Jan 14 alkemy_the_game  

La jonque fluviale possédait une large cale séparée en plusieurs compartiments contenant des pièces de tissu dont les Aurloks sont friands et des tonneaux de bière parfumée pour les marchés concordiens. C’était du moins ce que prétendait le capitaine, mais les oncles étaient avertis des nombreuses contrebandes d’armes avec les guildes et compagnies privées du canal. Ils étaient même secrètement à la source de certains trafics, mais s’étaient bien gardés de monter à bord de l’un des navires qu’ils affrétaient.
Le pont de la Niàng Jiu supportait deux mats auxquels s’appuyaient deux toiles tendues horizontalement pour servir d’abri aux marins, c’est là que les trois vieux s’installèrent, avec l’aide de leur serviteur.
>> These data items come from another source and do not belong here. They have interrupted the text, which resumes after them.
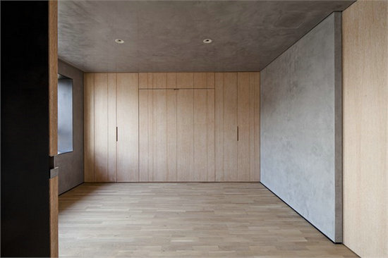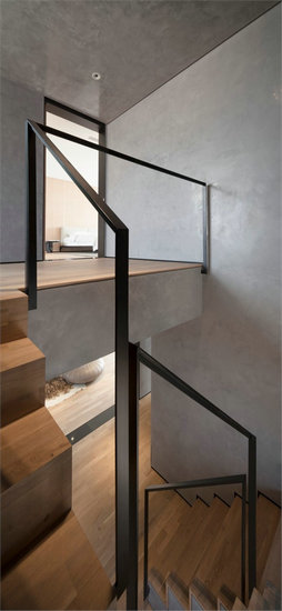 極具肌理感的灰色水泥漆結(jié)合硬朗的扶手欄桿使空間有很強(qiáng)的現(xiàn)代感,樓梯踏步的木本色又將水泥色的冷度拉回一定的平衡,空間與材料之間的銜接細(xì)節(jié)也相應(yīng)體現(xiàn)。
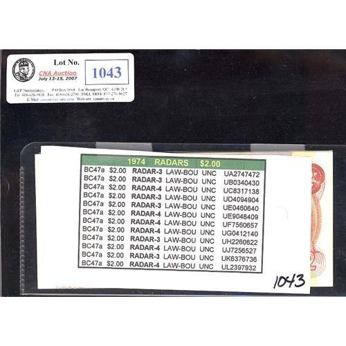 Lot of 12 "RADAR" notes. BC-47a 1974 $2 Lawson-Bouey, mostly DIFFERENT PREFIX notes. Includes UA2747
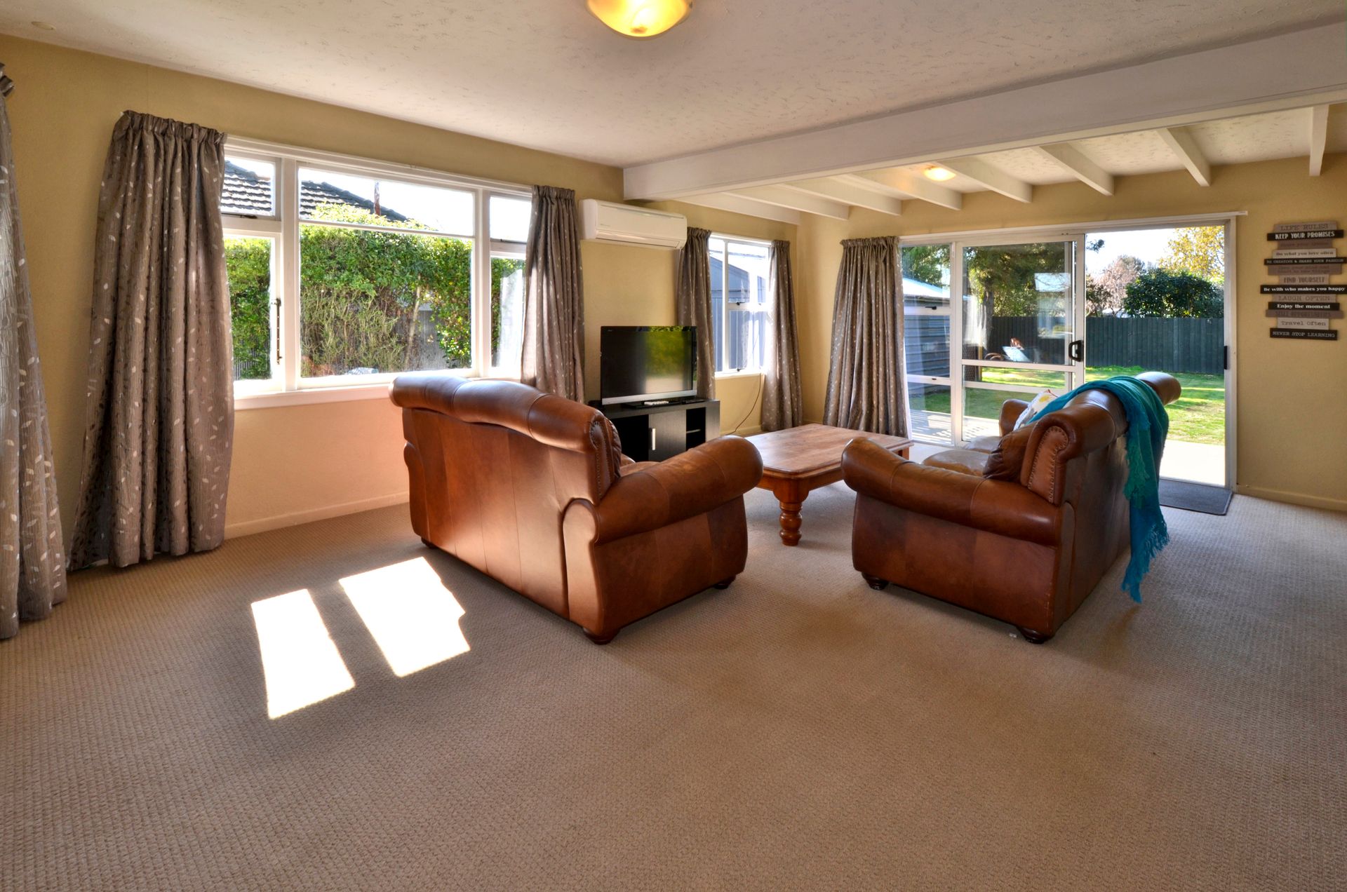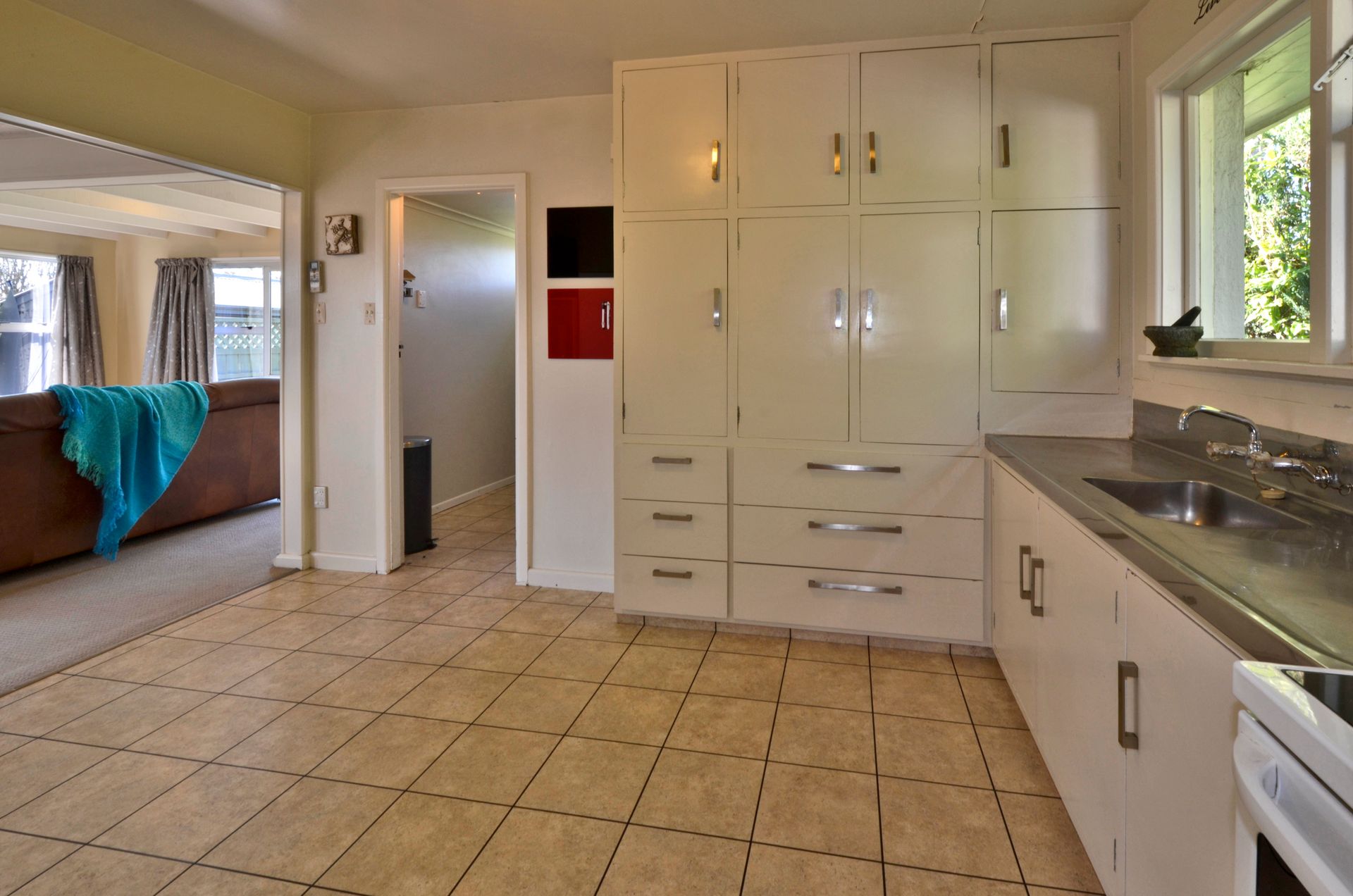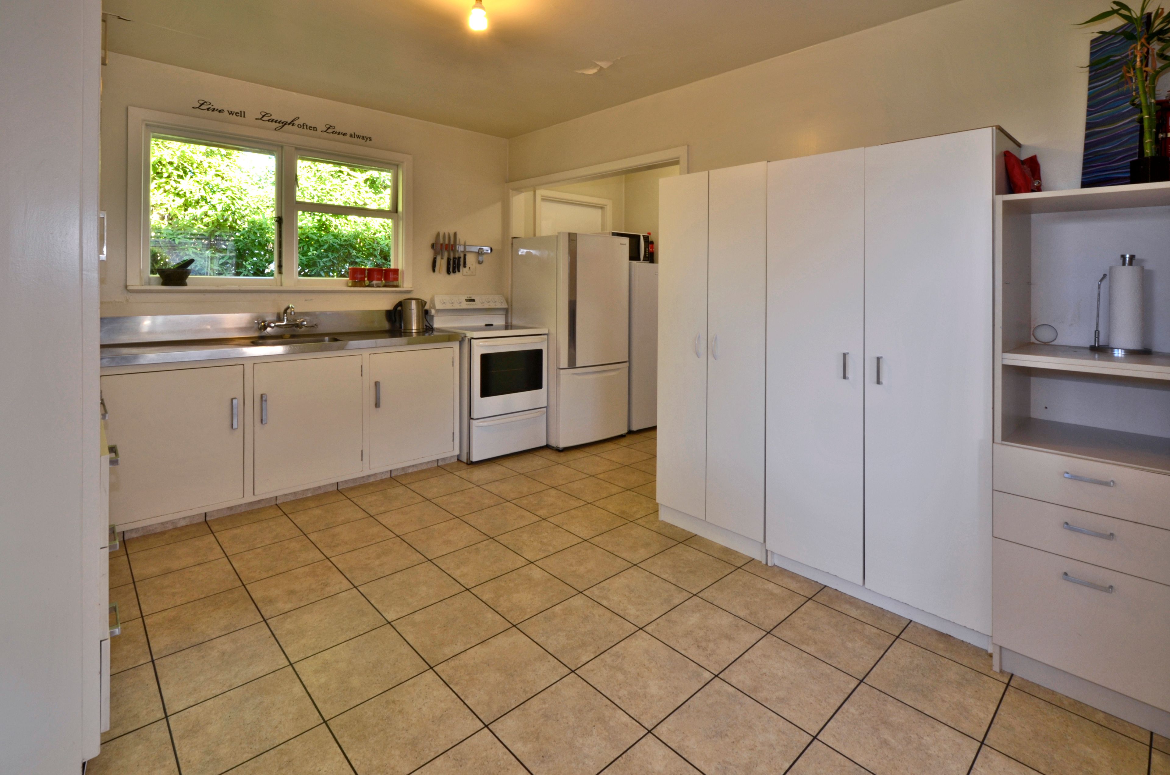 The spacious living area adjoins the large kitchen in an open, flowing layout, which also opens through ranch sliders to the back patio and garden. The heart of the home is kept warm by a central heat pump and enjoys both morning and afternoon sun. Adjacent to the kitchen there are two rooms, one of which is currently being used as a roomy separate laundry, while the other could be a dining alcove, a huge walk-in pantry or convert to the laundry and reassign the other room. One thing is for sure, it's always good to have options and there are plenty here especially when you have the EQC money transferred to you too!
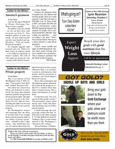 taken from them in a free society. Otherwise there is no incentive to excel, to start businesses, hire people, actively participate in commerce and overall improve To the Editor: This is in response to Don the lot of everyone. This is why communism and Weathington’s Sept. 9, 2011 column “Conversation from Bird- all totalitarian regimes ultimately land” entitled “Resources 101.” fail in that all the people are reOur nation was conceived in duced to a situation where they liberty and dedicated to justice share a common misery. This is for all. Our nation thus founded where redistribution of wealth jealously guarded and protected leads. As it has been said, “You soon private property rights. The right to private property is the foun- run out of other people’s money.” dation of every right we have, The government cannot spend including the right to be free and money more wisely than those should free use of their to havearefree use of one’s private ourwho reading this ad confirms claim to behave a closely-read private property. property. newspaper – and illustrates the old motto multum in parvo would encourage the readMr.– much Weathington’s in little. Thenotions next time youI have something to sell, remember have the quickest, suresters andtomost to 14, takewelcome a look at way the Sept. and surmisings the effect reach buyers through their favorite newspaper. 2011 letter to the editor on pages to severely limit ifisnot outright 8 - 9 of the Bulletin by Stuart R. destroy private property rights inDaily The Tryon Bulletin Goldstein. our country. A person’s posseswww.tryondailybulletin.comThis is a well-written sions – included in this is their rebuttal to Mr. Weathington’s money – they should have free “Resources 101” column. – Howard Brittain, Columbus. use of it with no threat that it be

Le voyage jusqu’à Otsiliha fut long et ennuyeux. Sa monotonie fut heureusement interrompue à deux reprises par des arrêts de ravitaillement aux comptoirs installés sur le territoire aurlok.
Parler de comptoir est tout à fait exagéré. Il s’agit, au mieux, d’un ponton aménagé sommairement qui conduit quelquefois à un baraquement provisoire, mais la plupart du temps à un campement aurlok. Quant au ravitaillement, il serait plus juste d’appeler ça des frais de douane, voire carrément le paiement d’une rançon.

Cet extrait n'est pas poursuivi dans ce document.